Reviews

Rhinestone Mondays (Colchester & Tour)

It’s a bit like larding a joint of lean beef to make it more succulent. You take music of a particular genre and thread it through a story about a mixed bag of people linked by one particular interest.

In the case of Rhinestone Mondays, it’s country’n’western numbers and members of a line dancing club somewhere in urban England. The action spans five consecutive Mondays and its core is the relationship between the dance tutor and an initially reluctant newcomer.

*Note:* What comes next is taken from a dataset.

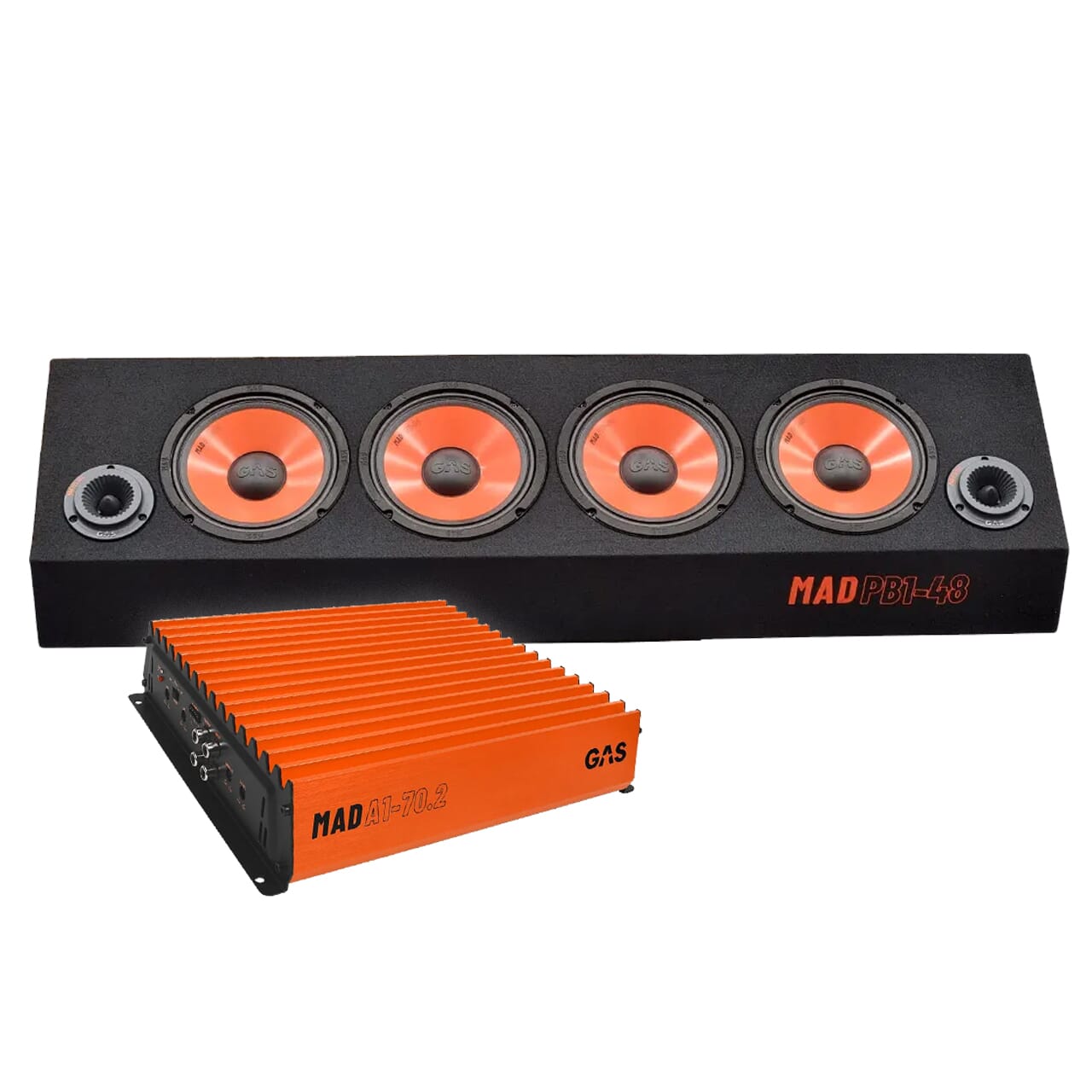 Knalltøff Raggarpakke som virkelig drar på! Raggarplanken MAD PB1-48 fra GAS bestående av 4 stk 8" SPL midbasser og 2 horndiskanter er her kombinert med forsterkeren MAD A1-70.2 - også fra GAS. Rett og slett et knallbra kjøp som garantert gir mye lyd!

The trouble is that – except for a brief moment in the second half when momentarily it seems that two real people are having a genuine conversation about real emotions and their associated problems – all the characters are types rather than individuals. You laugh at them, rather than with them.

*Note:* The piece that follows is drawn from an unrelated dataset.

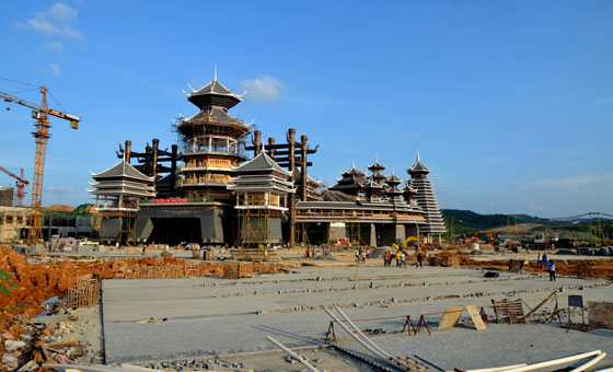 据多彩贵州城营销中心副总经理邹志宏介绍,贵州文化旅游展示中心坐落于龙洞堡多彩贵州城主入口处,毗邻鱼梁河,占地8000平方米,建筑面积19214平方米。目前,展示中心外装已完成95%,内装将于8月10日前完成。该展示中心是省迄今最大的文化旅游展示场所。该项目由多彩广场和主建筑组成,其中,多彩广场主要用于举行各种大型民族演艺、大型赛事活动;主建筑外观综合采用了贵州侗家鼓楼、风雨桥和铜鼓三大重要元素进行设计,建成后将成为世界上最大的单体鼓楼群,并承载贵州文化旅游资源展览、馆藏功能。

So we meet – among others – Brian (Shaun Williamson), the barman of the run-down social club, Duncan (Ian H Watkins), the camp member with a heart of gold (as well as a fine dance technique), Carol (Ally Holmes), the bespectacled teaching assistant with two left feet, and “Clint” (Phil Pritchard), the film fan with a skewed view of himself.

The central characters are Annie (Faye Tozer) and Tom (Anthony Topham). Their attempts at establishing a relationship – she’s a single mother and he’s gone through a traumatic divorce – flounder under the attentions of would-be seductress Sophie (Lyn Paul) and carpet-slippered Mary (Pauline Fleming).

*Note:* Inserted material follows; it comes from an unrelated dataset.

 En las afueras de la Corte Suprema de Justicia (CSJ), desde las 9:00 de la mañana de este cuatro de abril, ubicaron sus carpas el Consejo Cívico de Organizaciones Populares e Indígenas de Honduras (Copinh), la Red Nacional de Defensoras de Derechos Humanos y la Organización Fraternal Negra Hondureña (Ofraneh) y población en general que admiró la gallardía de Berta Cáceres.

It’s all very well performed, (Holmes is also the choreographer) with director Phil Wilmott and musical director Richard Healey losing no opportunity to encourage the audience to clap along and even come to its collective feet and dance. Sara Perks has provided a good set and her costumes have all the requisite glitter for the finale number. It’s all pleasant enough but, for me at any rate, in the end the joint was overcooked.